- _Record extracts_:
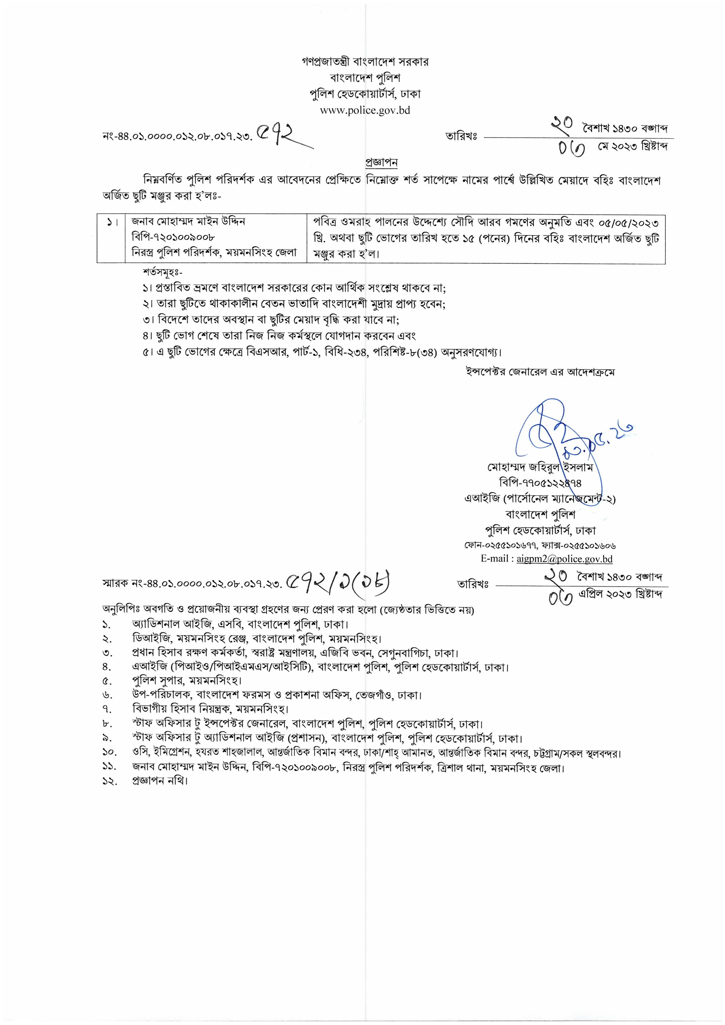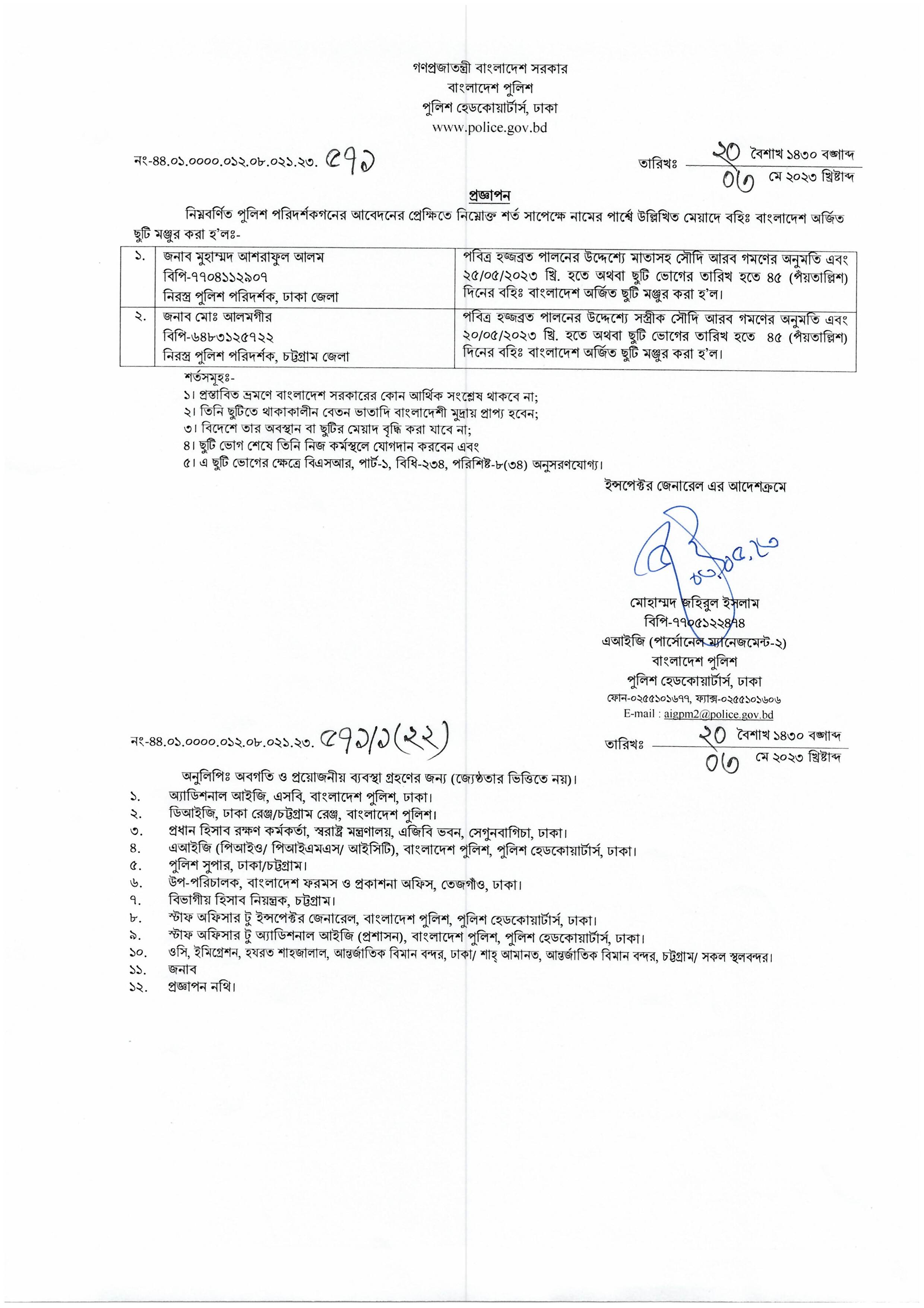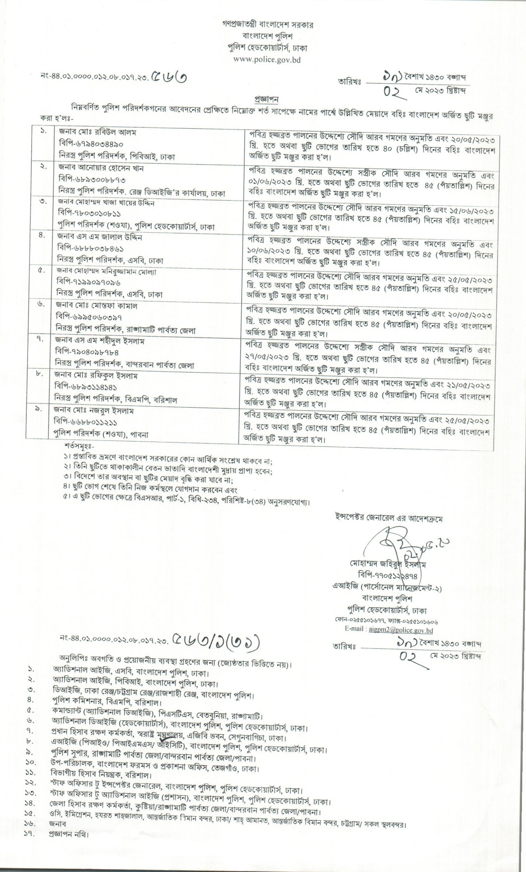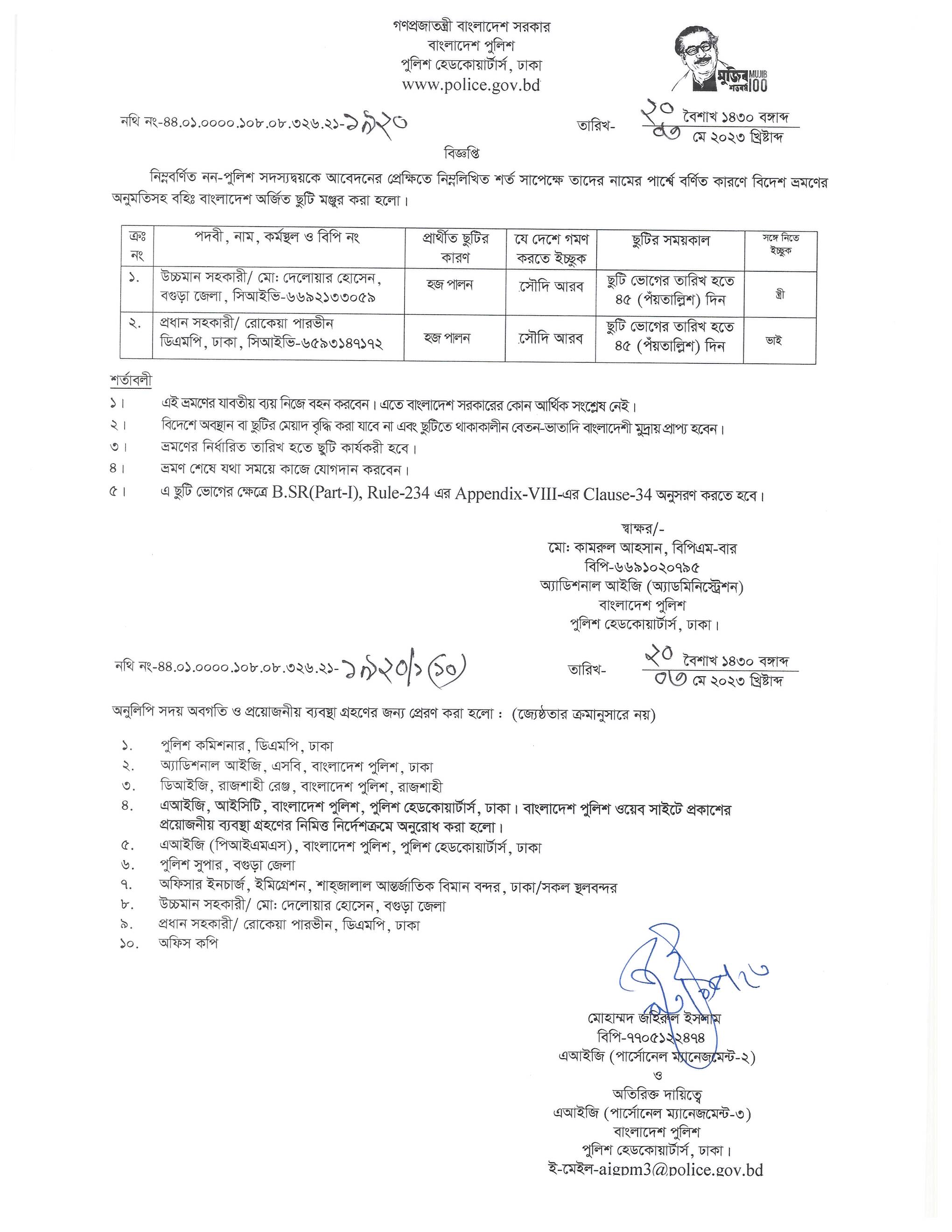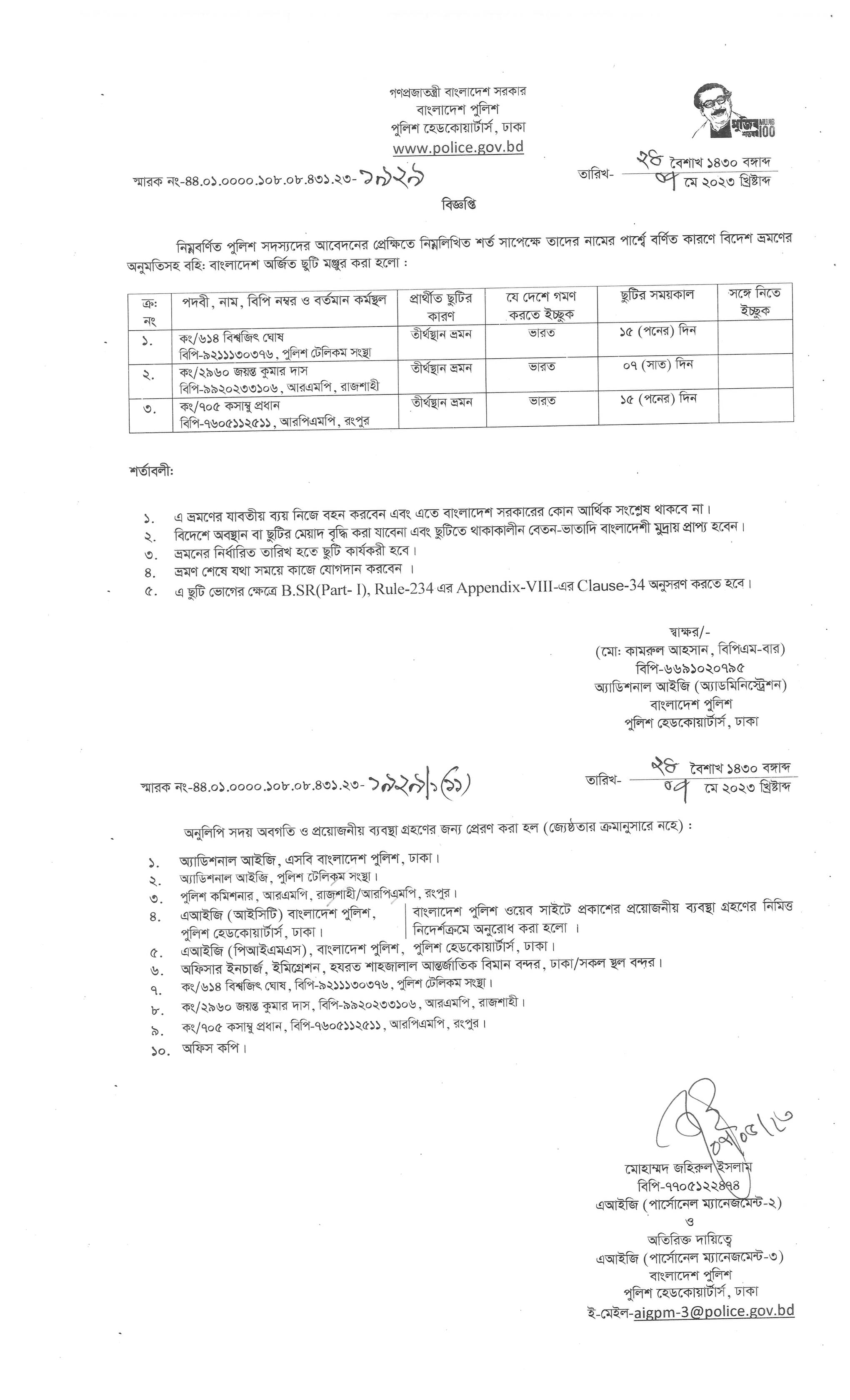 বহিঃ বাংলাদেশ ছুটি, বিজ্ঞপ্তি নং- ১৯২৮, তারিখঃ ০৭/০৫/২০২৩ খ্রিঃ।
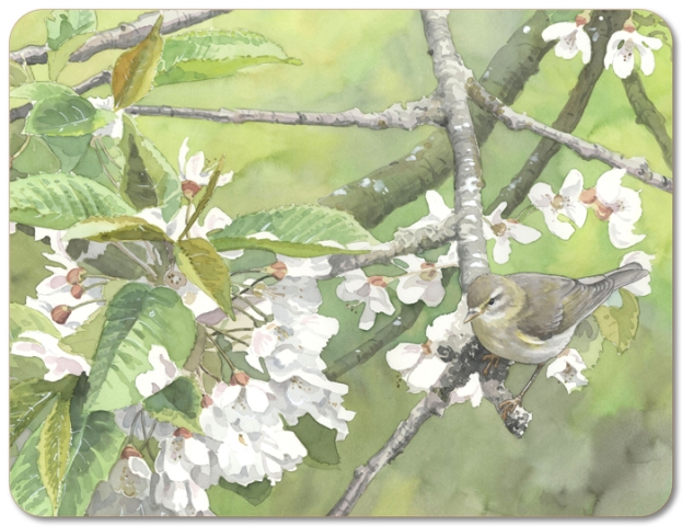 Tallriksunderlägg med motiv av Lövsångare. Värmetåliga till 160 grader
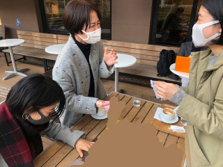 風に飛ばされそうになりながら あれは、まだ北風が吹いていて、コートが手放せなかったころ。 「つきのみせ。」チームは、新しいカラー展開について検討を重ねていたのでした。 写真1枚めは、デザイン監修をしてくださっている惠谷さんのアトリエからの帰り道、 「色は自然光で見るのがいちばん!」という考えからオープンテラスのカフェで生地見本をならべて考えているところ。 ときおり吹く北風に生地が飛ばされそうになりながらも、 「これってあの色みたいじゃない?!」とか 「うわわ、下着でこの色はすごくおしゃれ!!」とかワイワイ言いながら決めましたよ。 新カラーは、8月あたりにリリース予定ですので、どうぞお楽しみに! ちなみに、いま販売している、フルムーン以外のカラーは在庫限りとなります。 気になっていたかたは、いまのうちにご検討くださいね。 つきのみせ。 つきのブラ つきのショーツ 2021/05/07 18:44 |
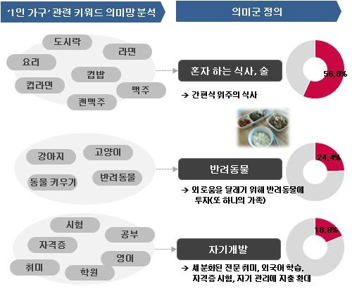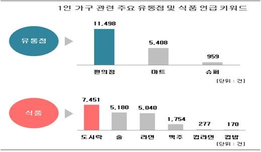 먹거리에 대해서는 간편식 위주의 도시락·라면 등에 대한 언급이 높았고 먹거리 구입 장소로는 편의점 언급량이 마트의 2배 이상이었다.
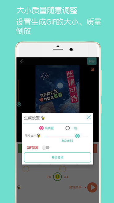 這不是簡單的轉(zhuǎn)GIF,在制作的過程中你可以隨意添加你想要的圖片,藝術文字,gif,表情到GIF中的任意位置和設置任意時間顯示。你還可以調(diào)節(jié)GIF生成的像素大小,控制幀的播放速度(變快變慢),從而控制GIF的體積大小。
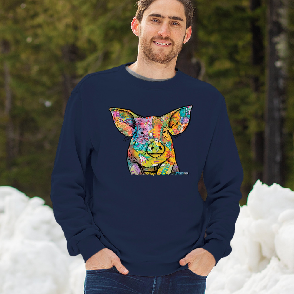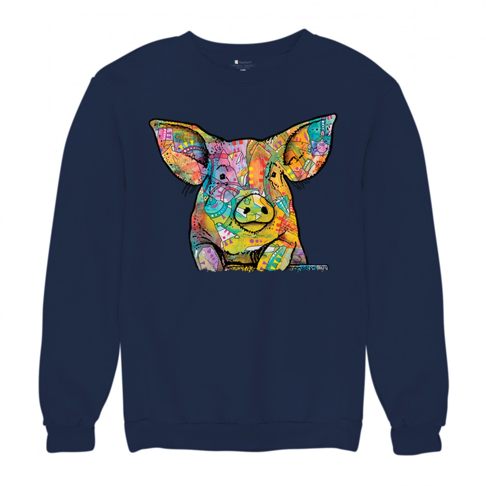 DEAN RUSSO FUNNY CUTE PIG sweatshirt farm piglet lover barn crewneck navy blue
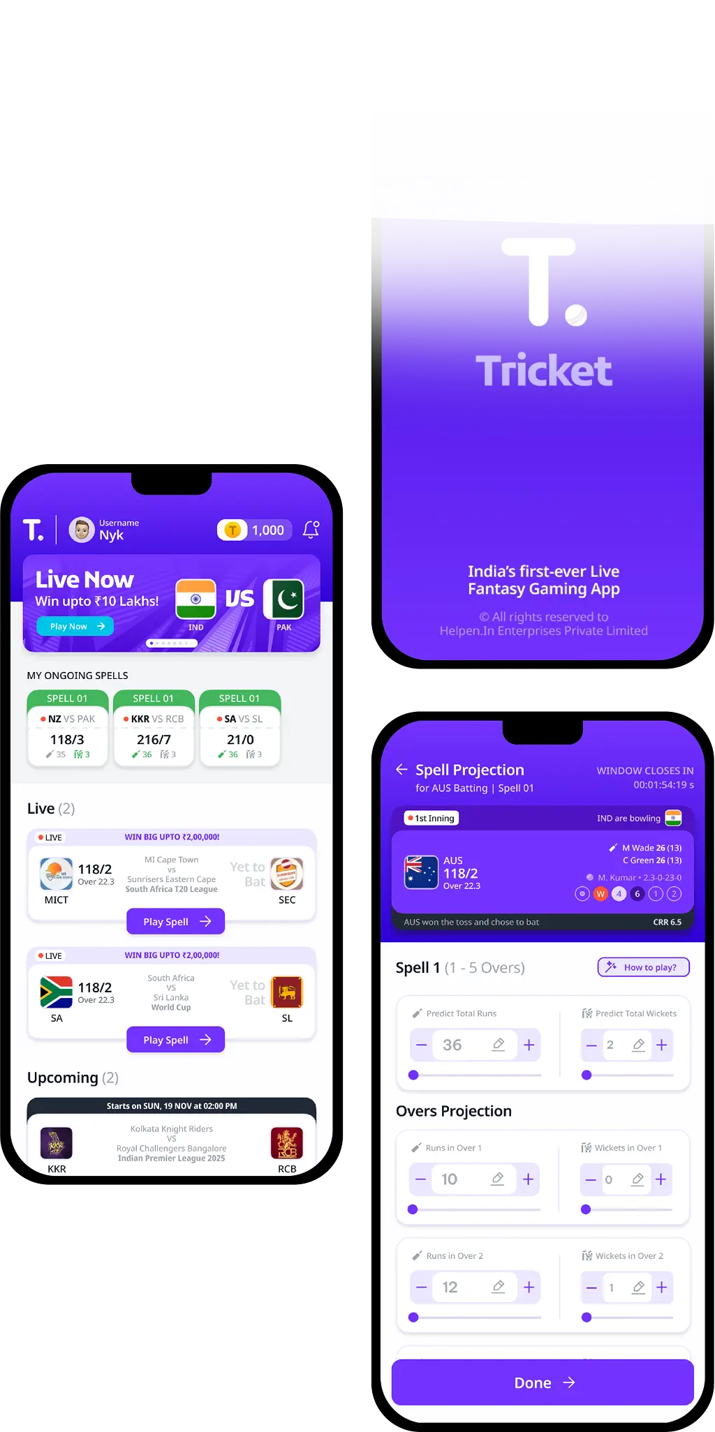 Tricket lets you experience cricket like never before — no team-building, no complications. Choose your favorite matches, make smart game-time decisions, and win real cash in real- time.

- _Work task_:
Please return the entries above exactly as they appear, but without the pictures.

- _Your solution_:
 বহিঃ বাংলাদেশ ছুটি, বিজ্ঞপ্তি নং- ১৯২৮, তারিখঃ ০৭/০৫/২০২৩ খ্রিঃ।
 Tallriksunderlägg med motiv av Lövsångare. Värmetåliga till 160 grader
 風に飛ばされそうになりながら あれは、まだ北風が吹いていて、コートが手放せなかったころ。 「つきのみせ。」チームは、新しいカラー展開について検討を重ねていたのでした。 写真1枚めは、デザイン監修をしてくださっている惠谷さんのアトリエからの帰り道、 「色は自然光で見るのがいちばん!」という考えからオープンテラスのカフェで生地見本をならべて考えているところ。 ときおり吹く北風に生地が飛ばされそうになりながらも、 「これってあの色みたいじゃない?!」とか 「うわわ、下着でこの色はすごくおしゃれ!!」とかワイワイ言いながら決めましたよ。 新カラーは、8月あたりにリリース予定ですので、どうぞお楽しみに! ちなみに、いま販売している、フルムーン以外のカラーは在庫限りとなります。 気になっていたかたは、いまのうちにご検討くださいね。 つきのみせ。 つきのブラ つきのショーツ 2021/05/07 18:44 |
 먹거리에 대해서는 간편식 위주의 도시락·라면 등에 대한 언급이 높았고 먹거리 구입 장소로는 편의점 언급량이 마트의 2배 이상이었다.
 這不是簡單的轉(zhuǎn)GIF,在制作的過程中你可以隨意添加你想要的圖片,藝術文字,gif,表情到GIF中的任意位置和設置任意時間顯示。你還可以調(diào)節(jié)GIF生成的像素大小,控制幀的播放速度(變快變慢),從而控制GIF的體積大小。
 DEAN RUSSO FUNNY CUTE PIG sweatshirt farm piglet lover barn crewneck navy blue
 Tricket lets you experience cricket like never before — no team-building, no complications. Choose your favorite matches, make smart game-time decisions, and win real cash in real- time.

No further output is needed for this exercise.